### INFORMATION PROVIDED:
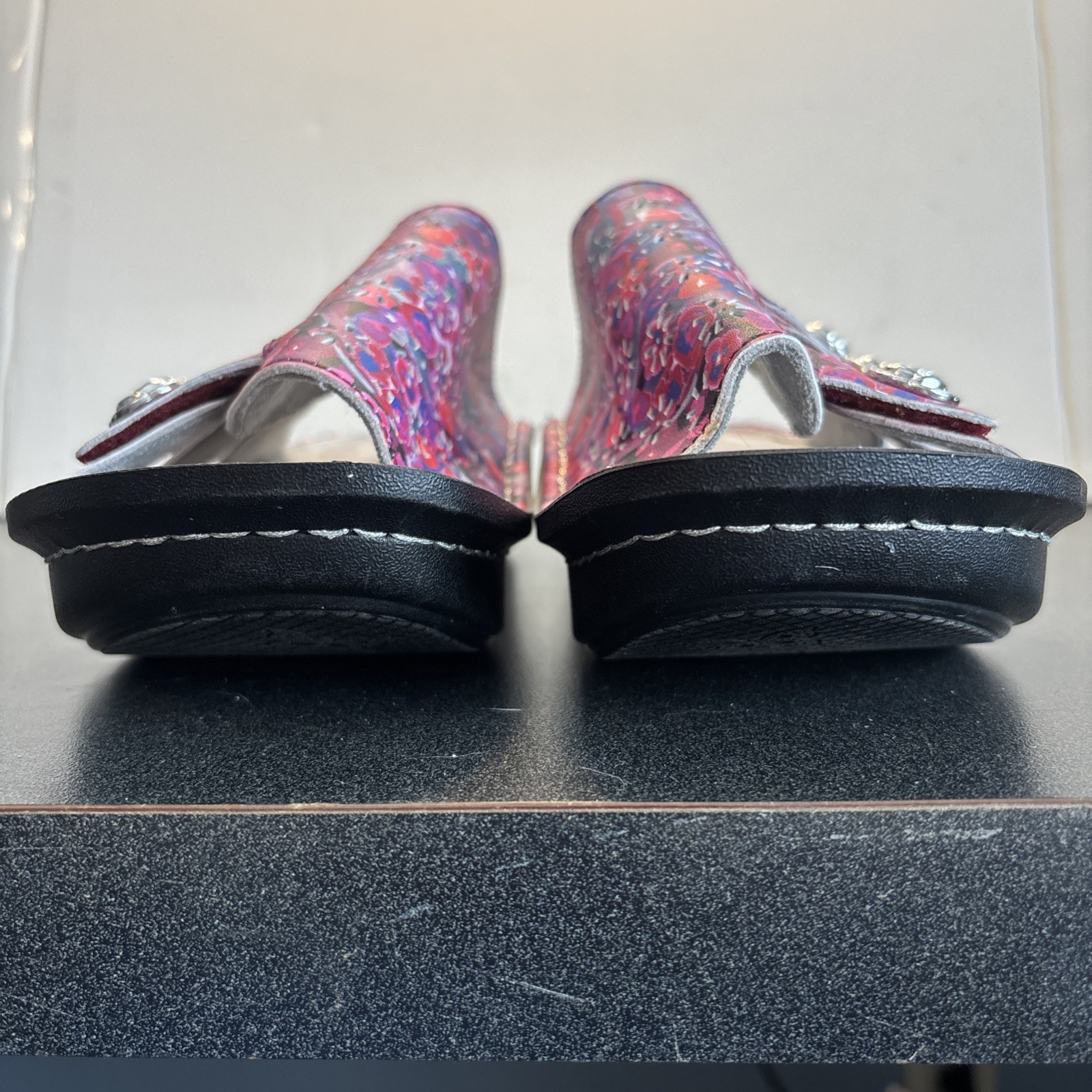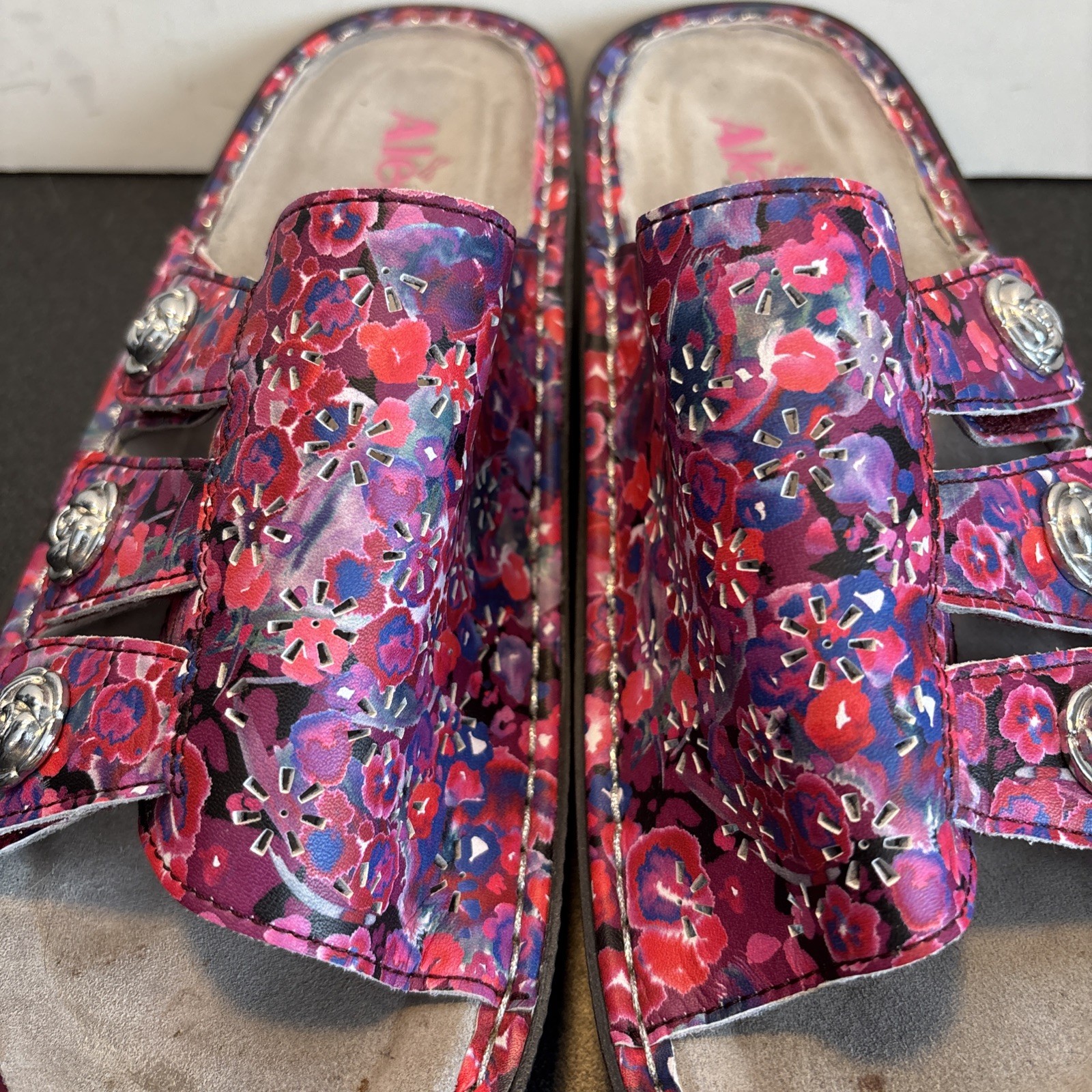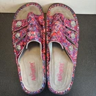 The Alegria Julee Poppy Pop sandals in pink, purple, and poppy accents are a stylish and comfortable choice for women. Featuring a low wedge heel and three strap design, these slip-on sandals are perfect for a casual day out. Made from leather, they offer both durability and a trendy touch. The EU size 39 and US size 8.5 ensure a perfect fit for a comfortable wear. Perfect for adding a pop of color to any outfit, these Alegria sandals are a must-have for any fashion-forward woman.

...

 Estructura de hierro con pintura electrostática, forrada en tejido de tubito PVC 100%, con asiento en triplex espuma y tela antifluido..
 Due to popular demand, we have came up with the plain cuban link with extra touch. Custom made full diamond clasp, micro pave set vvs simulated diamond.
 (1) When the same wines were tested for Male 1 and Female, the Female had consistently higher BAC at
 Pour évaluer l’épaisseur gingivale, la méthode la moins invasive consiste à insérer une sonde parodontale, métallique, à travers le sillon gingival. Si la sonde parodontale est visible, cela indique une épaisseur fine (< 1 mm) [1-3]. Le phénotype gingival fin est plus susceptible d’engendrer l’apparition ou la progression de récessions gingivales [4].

==

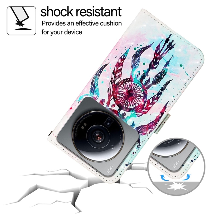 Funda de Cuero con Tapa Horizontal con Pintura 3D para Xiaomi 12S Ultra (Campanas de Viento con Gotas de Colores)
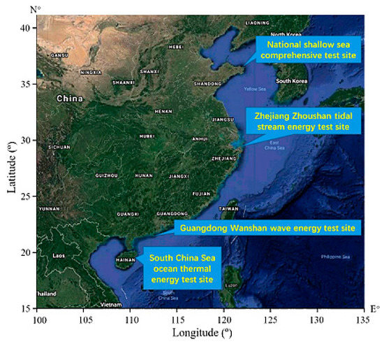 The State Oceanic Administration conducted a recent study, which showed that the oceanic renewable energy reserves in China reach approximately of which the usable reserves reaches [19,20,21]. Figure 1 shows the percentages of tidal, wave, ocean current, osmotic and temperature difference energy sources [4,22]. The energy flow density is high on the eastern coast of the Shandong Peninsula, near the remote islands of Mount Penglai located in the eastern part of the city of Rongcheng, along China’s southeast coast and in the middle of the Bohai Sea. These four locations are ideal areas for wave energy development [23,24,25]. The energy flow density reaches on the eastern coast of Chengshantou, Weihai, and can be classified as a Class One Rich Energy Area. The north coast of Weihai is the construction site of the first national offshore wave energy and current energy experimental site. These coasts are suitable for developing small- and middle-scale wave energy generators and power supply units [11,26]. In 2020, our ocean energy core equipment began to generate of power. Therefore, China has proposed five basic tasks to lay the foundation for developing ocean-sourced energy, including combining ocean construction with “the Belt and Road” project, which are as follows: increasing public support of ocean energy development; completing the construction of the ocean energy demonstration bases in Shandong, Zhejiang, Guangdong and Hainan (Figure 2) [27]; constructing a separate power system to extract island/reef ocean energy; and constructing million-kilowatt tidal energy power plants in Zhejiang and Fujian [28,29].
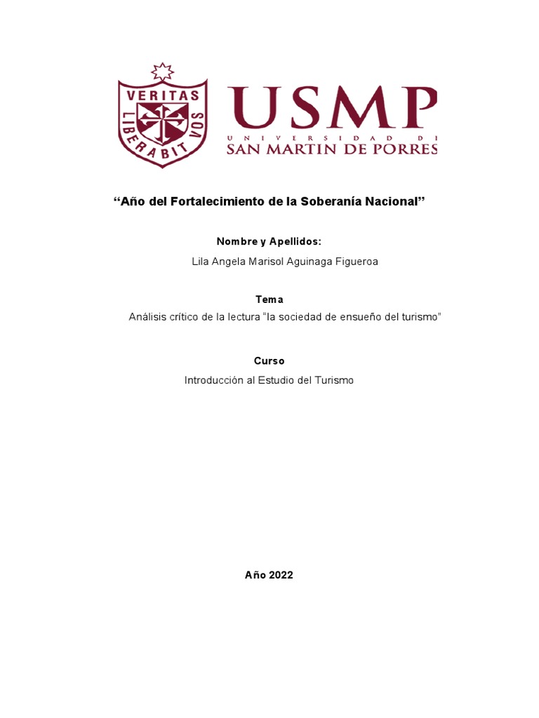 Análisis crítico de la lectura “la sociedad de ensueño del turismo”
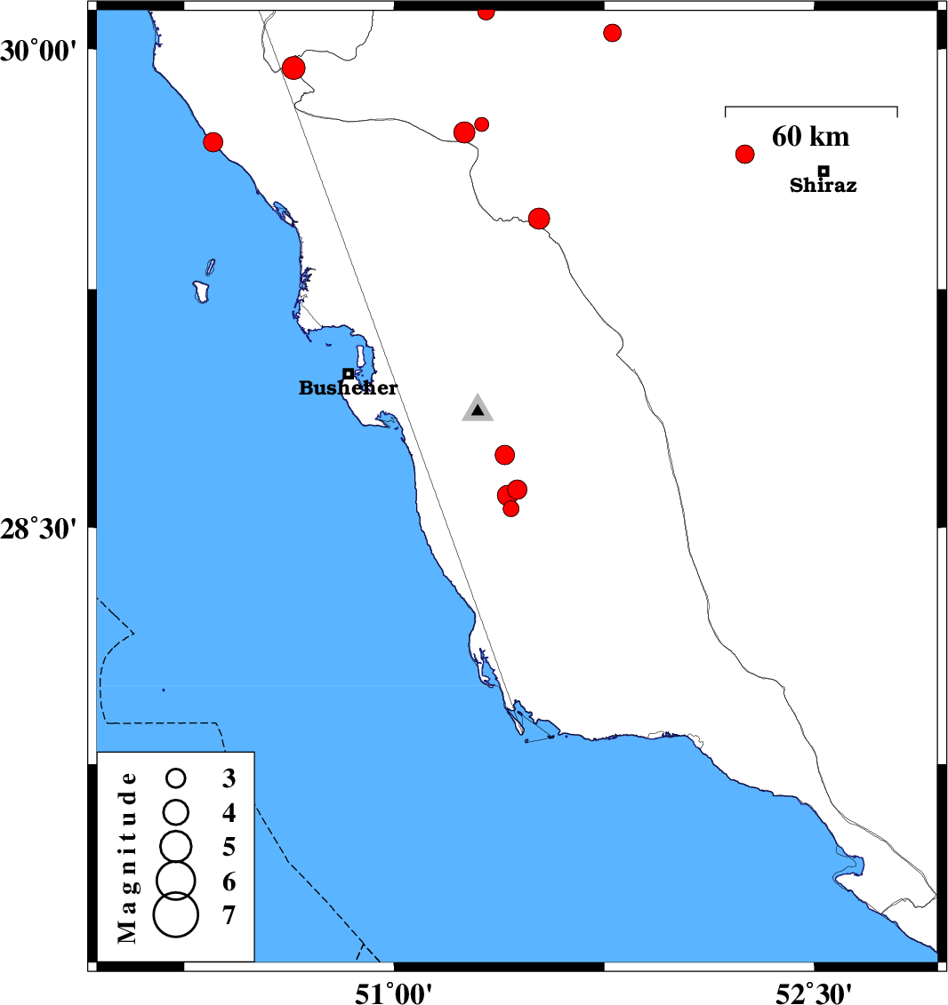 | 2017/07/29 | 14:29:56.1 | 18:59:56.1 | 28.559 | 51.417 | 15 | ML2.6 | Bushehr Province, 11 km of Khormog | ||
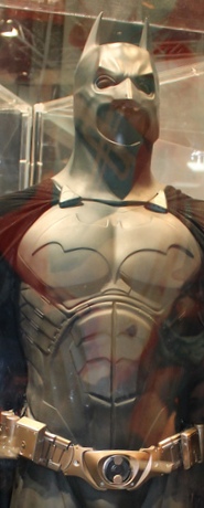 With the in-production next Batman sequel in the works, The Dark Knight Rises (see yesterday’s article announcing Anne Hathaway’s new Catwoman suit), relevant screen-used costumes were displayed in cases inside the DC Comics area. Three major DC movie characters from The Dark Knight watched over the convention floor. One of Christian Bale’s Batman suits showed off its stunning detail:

### YOUR TASK:
When you reach the line containing "Due to popular" in the data above, start copying exactly, and stop after the line containing "(1) When the".

### SOLUTION BELOW:
 Due to popular demand, we have came up with the plain cuban link with extra touch. Custom made full diamond clasp, micro pave set vvs simulated diamond.
 (1) When the same wines were tested for Male 1 and Female, the Female had consistently higher BAC at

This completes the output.